Spiritual Intimacy in Shared Prayer


Do you pray with your spouse?  I’m not asking do you pray for your spouse.  Do you pray with your spouse?  I’m also not asking this as a rhetorical question.  I’d honestly like some feedback about whether or not you feel like you pray with your spouse like you should.  And if not, why not?

True, holistic, meaningful intimacy is multifaceted, and spiritual intimacy is a critical dimension of a couple’s overall intimate relationship.  Yet, many couples fail to facilitate their spiritual intimacy through shared prayer.  Why?  A time of shared prayer seems like such a simple thing.  So, why is it so often neglected?

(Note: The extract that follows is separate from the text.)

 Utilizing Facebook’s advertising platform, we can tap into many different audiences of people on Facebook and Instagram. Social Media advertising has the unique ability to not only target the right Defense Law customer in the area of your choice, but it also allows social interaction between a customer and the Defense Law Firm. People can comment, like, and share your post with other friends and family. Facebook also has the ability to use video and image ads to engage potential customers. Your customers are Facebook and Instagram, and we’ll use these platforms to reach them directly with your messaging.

In my experience counseling and talking with couples, wives typically want their husbands to show spiritual leadership in the marriage relationship and be the ones to initiate prayer time together.  However, men have a plethora of reasons for not doing so.  For those men who grew up going to church, many experienced a church culture that stressed the outward "performance" of spiritual disciplines.  Young men were told that they needed to look the right way, read scripture in a flawless manner, lead singing with just the right gusto, speak clearly and confidently from the pulpit, and always use the right language when praying in public worship.  The sense of perfectionism in these disciplines carried over into the home life as well.  Please understand, I am not faulting any previous generation for setting unrealistic or “performance-based standards for prayer.  For those generations, it was not a show.  It was how they perceived "giving your best to God."  Regrettably though, the stress on flowery, poetic language and carefully measured phrasing left many young men who had a different set of God-given talents with the constant sense that their best was not good enough.  So, rather than fail to live up to expectations, it was easier to simply not do anything.  And, that sense of "not good enough" prayers carried over into their marriages.

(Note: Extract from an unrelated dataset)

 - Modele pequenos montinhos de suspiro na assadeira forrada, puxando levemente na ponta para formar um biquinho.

This is just one example of what can contribute to a stagnation of shared prayer in marriage.  There are many other, greatly diverse reasons a husband or wife might feel uncomfortable sharing prayer time with his/her spouse.  But, regardless of the specific reason, what do we do?  How do we overcome the barriers to a shared prayer life?

The reality is that most husbands and wives are not taught how to communicate spiritually with their mates (at least not in a way that conveys and grows spiritual intimacy). Here are a couple of suggestions that I think are critical to breaking through this barrier.  First, spouses have to become comfortable speaking honestly in their prayers with each other.  Because of the “perfection in prayer” mentality we sometimes nurture, in our prayers that we vocalize in front of our mates we have problems admitting fear, failure, uncertainty, or other feelings and situations that plague us.  Yet, when I am honest about my spiritual life before my mate, imperfections, doubts and all, I become spiritually transparent and authentic, fostering a greater spiritual intimacy.

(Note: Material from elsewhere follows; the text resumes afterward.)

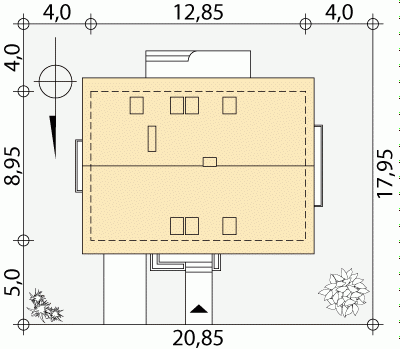- Min. wymiary działki 20.85x17.95 m

Second, every husband and wife needs to be part of a like-gender accountability group.  Men have struggles that only other men can fully understand, and women have struggles that only other women can fully understand.  While we must seek spiritual intimacy primarily with our spouses, we also need others of like-gender to pray with and for us.  But more significantly, we need others in our lives that have permission to crack down on us and hold us accountable if they see we are doing things that will harm our marriage or our spiritual walk.

Pray for your spouse.  But more significantly, honestly and openly pray with your spouse.  It will open up a whole new level of intimacy and connectedness between you.

1 comment:

  1. We pray together, but it was incredibly awkward at first. Even now we don't pray together as often as we should. We're working on it though.